Description
Riboxin Pharmacodynamics
Metabolic agent, adenosine triphosphate precursor; has antihypoxic, metabolic and antiarrhythmic effects. Increases myocardial energy balance, improves coronary circulation, prevents consequences of intraoperative renal ischemia. It activates pyruvic acid metabolism to ensure normal tissue respiration, and also promotes activation of xanthine dehydrogenase. It stimulates nucleotide synthesis and enhances the activity of some Krebs cycle enzymes. By penetrating the cells, it increases the energy level, has a positive effect on myocardial metabolism, increases the force of heart contractions and contributes to a more complete relaxation of the myocardium in diastole, resulting in an increase in the stroke volume of the blood.
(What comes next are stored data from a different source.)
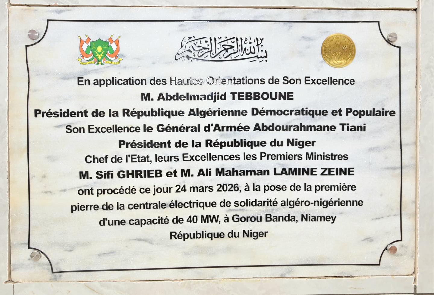 وضع الوزير الأول الجزائري، سيفي غريب، اليوم الثلاثاء، مع نظيره النيجري، علي لامين زين، حجر الأساس لمشروع إنشاء محطة توليد الكهرباء للتضامن بقدرة 40 ميغاوات بمنطقة غورو باندا بالعاصمة نيامي.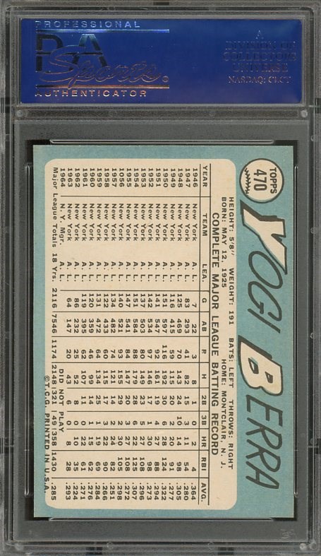 Lot # 198: 1965 Topps Yogi Berra #470 PSA NM/MT 8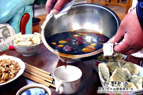 ▼ 在山東喝老酒都習慣溫熱來喝,再加一點紅棗、薑片,劇說有舒筋活血、補氣養神之功效,柔柔有喝一口過,喝起來口味醇厚,但有點微苦,但因為沒喝酒的習慣,只喝一口就不敢再喝了。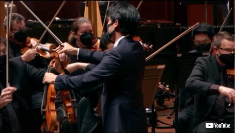 落ち着いた対処で演奏を続けるチェンさんに客席からは拍手が。動画には、チェンさんが演奏していないときに、自分のバイオリンを持っている奏者に予備の弦を渡している様子も映っています。なおステージ上で弦は修理され、チェンさんはその後自分のバイオリンで演奏できたとのこと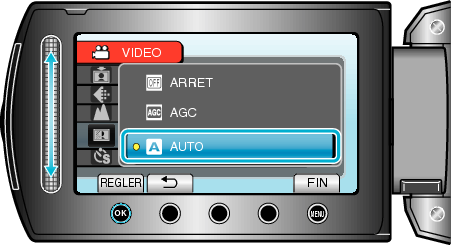 Sélectionnez le réglage souhaité puis appuyez sur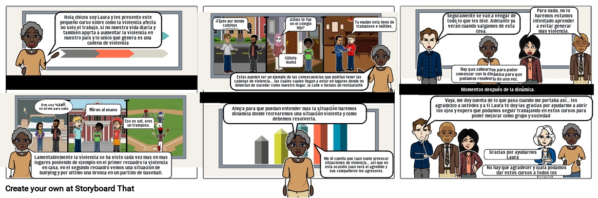 Lamentablemente la violencia se ha visto cada vez mas en mas lugares poniendo de ejemplo en el primer recuadro la violencia en casa, en el segundo recuadro vemos una situación de bullying y por ultimo una bronca en un partido de baseball.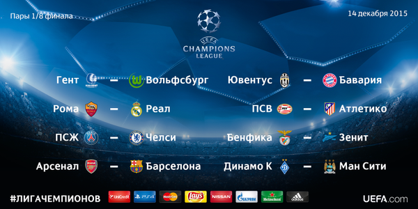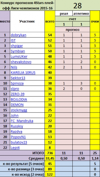 1 тур - 1/8 финала 1 матч 2 тур - 1/8 финала 2 матч 3 тур - 1/4 финала 1 матч 4 тур - 1/4 финала 2 матч 5 тур - 1/2 финала 1 матч 6 тур - 1/2 финала 2 матч 7 тур - финал Числа матчей будут сообщены дополнительно Расписание матчей Плей-офф Лига чемпионов УЕФА 2015/2016 Расписание турнира: финал - 28 мая Время московское* Все прогнозы участников после их отправки арбитру будут выставлены на обозрение перед началом игр тура. Желающие поучавствовать в конкурсе могут до тура сделать свой прогноз по счету этих игр и ждать результатов тура. Далее по итогам прогнозов и реального счета подсчитываем заработанные очки и делаем прогноз на следующий тур конкурса. Арбитр конкурса - Spinoza Внимание! Прогнозы на все матчи тура участники обязаны выслать арбитру конкурса в ЛС , не позднее чем за 5 часов до начала 1 матча тура. Прием заявок ЗАВЕРШЕН! ВЫСЫЛАЕМ ПРОГНОЗЫ арбитру конкурса! Внимание! Подав заявку отозвать её невозможно! Думайте чем принять решение. Если человек подал заявку и "забыл" про конкурс, вложенные средства не возвращаются. По возможности, по окончании тура конкурса прогнозов , итоги будут анонсированы в блоге портала.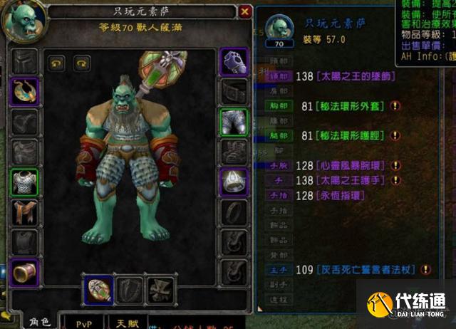 话不多说直接来看此萨满的装备,这是一个兽人小萨满,看名字和装备显然是元素萨。他留着跟大地之环长者一样的发型胡须,但全身上下仅有8件装备,其中1件还是灰色披风没有任何属性,2件绿装估计还是围栏掉的,4件紫装是T5本买的,显然是为了做海山门任务——好消息,以后这种萨满不需要做任务也可以打T6本。武器也是一把练级路上的蓝武器,附魔更是没有。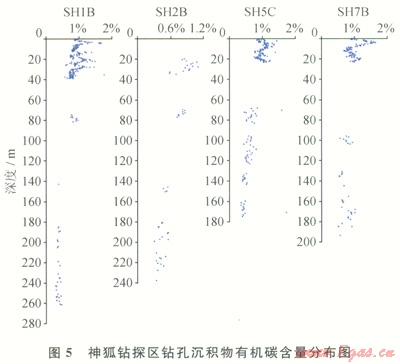 在南海北部陸坡淺表層沉積物有機(jī)質(zhì)中正構(gòu)烷烴基本為雙峰形,表現(xiàn)為海相浮游動(dòng)物、陸源高等植物混合母源特征。神狐鉆孑L沉積物有機(jī)質(zhì)正烷烴為雙峰形分布特征(圖4)。第一主峰碳數(shù)為C17~C19,代表海相浮游動(dòng)物和藻類,第二主峰碳數(shù)為C29或C31來源于陸源高等植物。其輕重?zé)N比值C21-/C22+介于0.06~5.73,有機(jī)質(zhì)d13C值為-17.3‰~-22.8‰,表明總體上以海相浮游動(dòng)物和藻類為主,局部存在陸源有機(jī)質(zhì)。鉆孔沉積物TOC介于0.29%~1.77%,各鉆孔頂部層段TOC明顯表現(xiàn)出在高值區(qū)振蕩變化特征,并隨深度的增加TOC值逐漸降低,而到一定深度后,TOC基本保持穩(wěn)定(圖5)。這種有機(jī)碳系統(tǒng)地向下減少是早期成巖階段有機(jī)質(zhì)氧化分解的結(jié)果[17]。由于鉆孔淺部沉積物埋藏時(shí)間短,有機(jī)質(zhì)消耗較少,TOC與沉積物中原始含量比較接近,平均值達(dá)1.2%;而下部層段的有機(jī)碳為經(jīng)過早期成巖階段硫酸鹽還原和微生物發(fā)酵而大量消耗后的穩(wěn)定殘留有機(jī)碳,有機(jī)碳轉(zhuǎn)化率在30%~61%,大多轉(zhuǎn)化為生物甲烷氣,是形成水合物的主要?dú)怏w來源。神狐鉆孔沉積物有機(jī)質(zhì)中含有豐富的烷基苯系列化合物,以短鏈的烷基苯同系物優(yōu)勢(shì)為特征,含少量對(duì)熱演化敏感的較長(zhǎng)鏈的烷基苯同系物,表明有機(jī)質(zhì)熱演化程度很低。此外,部分樣品中存在重排甾烷和4-甲基甾烷,是典型的微生物作用活動(dòng)標(biāo)志,這與鉆探證實(shí)的水合物主要為微生物氣特征是一致的。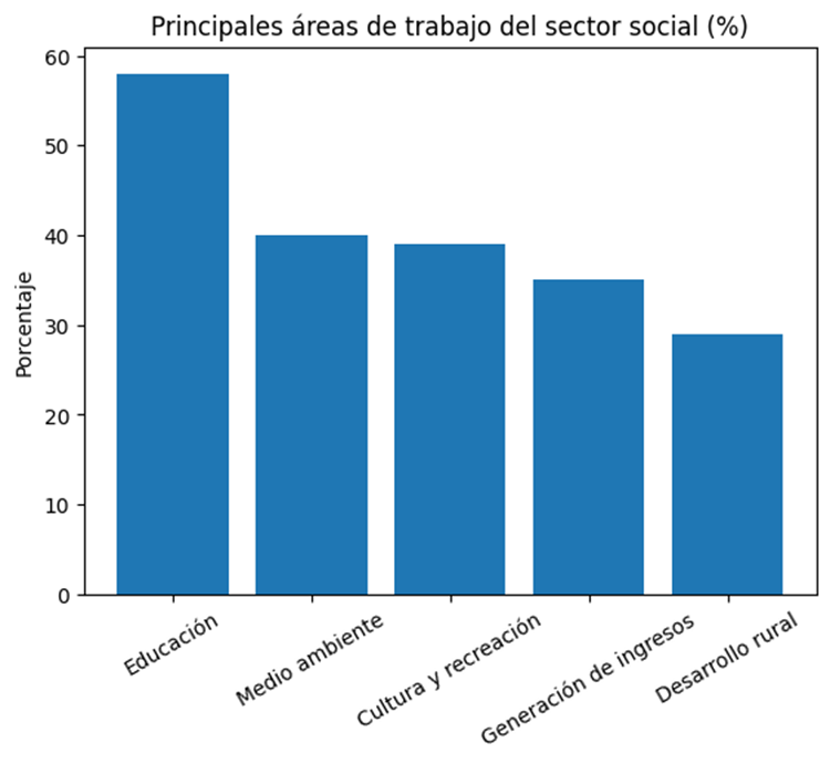 | Las organizaciones sociales trabajan principalmente en educación, desarrollo comunitario, generación de ingresos y protección del medio ambiente, lo que refleja una visión integral del desarrollo. |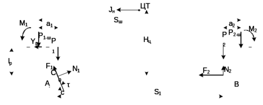 На расчетной схеме вертикальная нагрузка от кузова на колесную пару представлена силами Р1-ш и Р2-ш, которые в статике принимаются равными.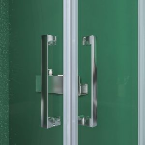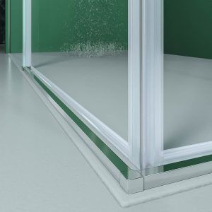 La mampara de ducha angular BASIC se compone de dos hojas fijas y dos correderas, con un acceso por el vértice y posibilidad de instalarla con apertura a izquierdas o derechas. Esta mampara de ducha estándar  se entrega en 2-3 días y está disponible en un amplio rango de medidas: de 68-100 a 68-100 cm por lado.

Reduces platelet aggregation.
Indications
Riboxin is prescribed for adults in the treatment of: coronary heart disease, myocardiodystrophy, after myocardial infarction, heart rhythm disorders caused by the use of cardiac glycosides.
Administration in hepatitis, cirrhosis, fatty liver caused by alcohol or drugs, and urokoproporphyria.
Contraindications .
Hypersensitivity to the drug, gout, hyperuricemia.
With caution:
Renal insufficiency.
Pregnancy and lactation:
The drug should be administered only in cases when the benefit to the mother exceeds the potential risk to the fetus and child.
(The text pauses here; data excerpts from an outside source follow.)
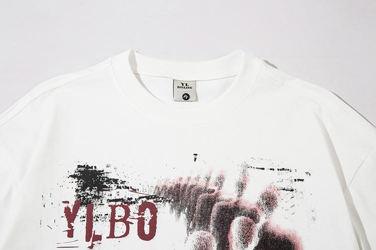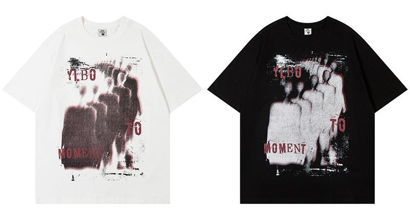 Compra Camiseta de manga corta de algodón puro con estampado de retrato de nicho de High Street de marca de moda, holgada e informal para parejas, para hombres y mujeres. al por mayor en Joom.pro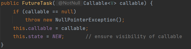 state:表示当前任务的运行状态,FutureTask的所有方法都是围绕state开展的,state声明为volatile,保证了state的可见性,当对state进行修改时所有的线程都会看到。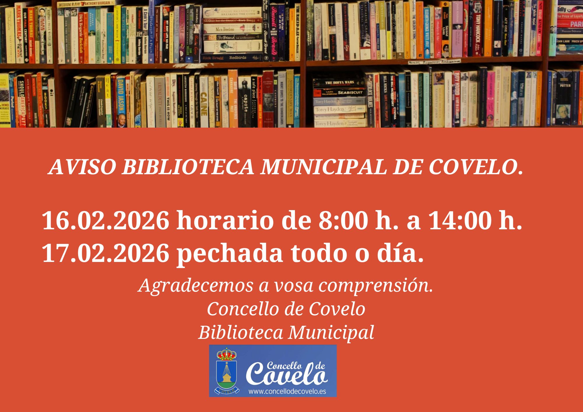 Horario Biblioteca Municipal de Covelo 16 e 17 de febreiro de 2026.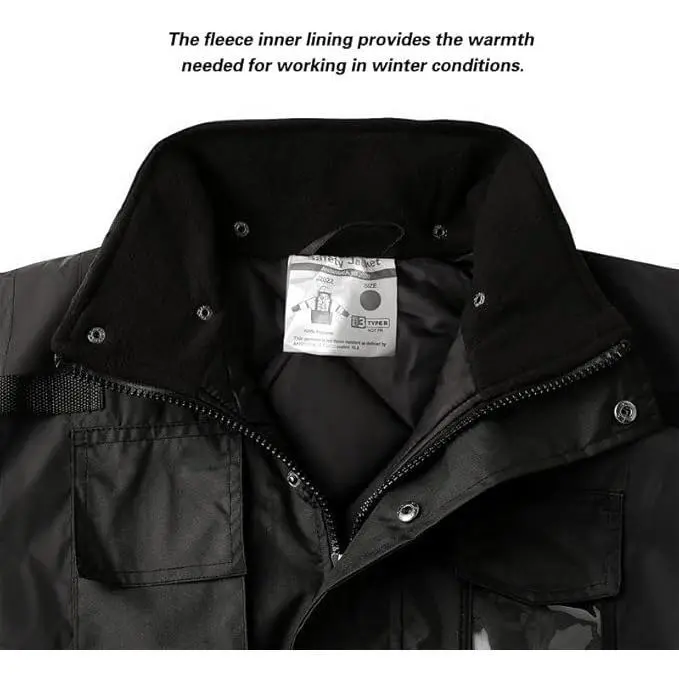 Polyester, 300D Oxford with PU Coating Material, CottonImportedSurface material: Polyester, 300D Oxford with PU Coating Material? ?Windproof, waterproof, anti -stains, when work or other scenarios are used to resist tearing, Under the premise of ensuring durability, at the same time, we can keep warm and keep you dry. Compliant with ANSI/ISEA 107-, Type R Class 3.Internal material: high quality cotton provides the warmth needed for working in winter conditions.MULTI-FUNCTION COMBINATION POCKET:
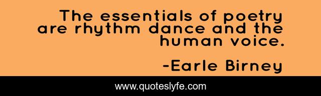 This page presents the quote "The essentials of poetry are rhythm dance and the human voice.". Author of this quote is Earle Birney. This quote is about poets, poetry,.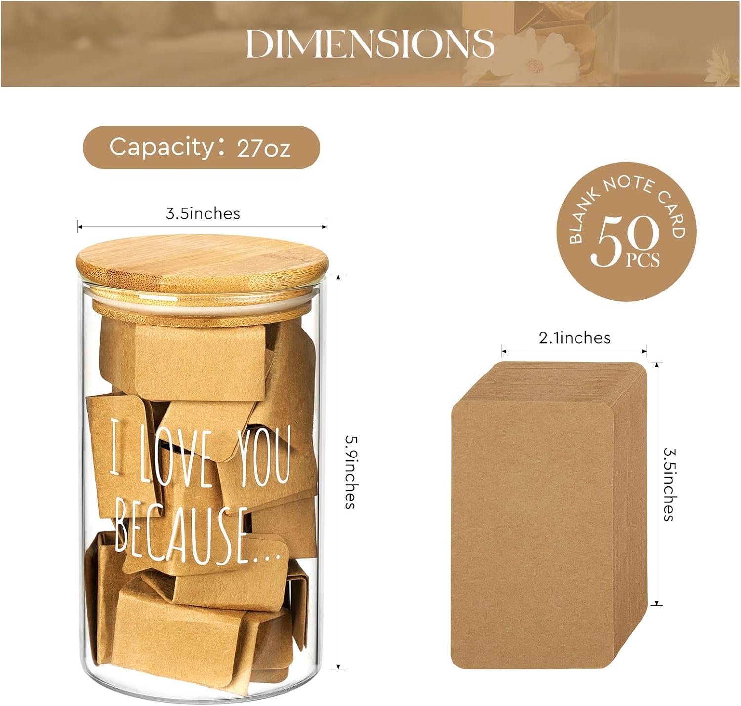 - 50 Reasons Why I Love You Jar: Includes 50 brown blank notes to write memories, love notes & gratitude. Fill it with "reasons I love you"——surprise messages, couple fight resolutions or friendship encouragement

Dosage and administration method
- Orally before meals.
- Maximum daily dose when administered orally is 0.6-2.4 g.
- In the first days of treatment, the daily dose is 0.6-0.8 g (0.2 g 3-4 times a day).
- If drug is well tolerated, the dose is increased during 2-3 days to 1.2 g (0.4 g 3 times a day), if necessary – up to 2.4 g a day.
- Course duration is from 4 weeks to 1.5-3 months.
- In urokoproporphyria daily dose is 0.8 g (0.2 g 4 times a day).
- The drug is taken daily for 1-3 months.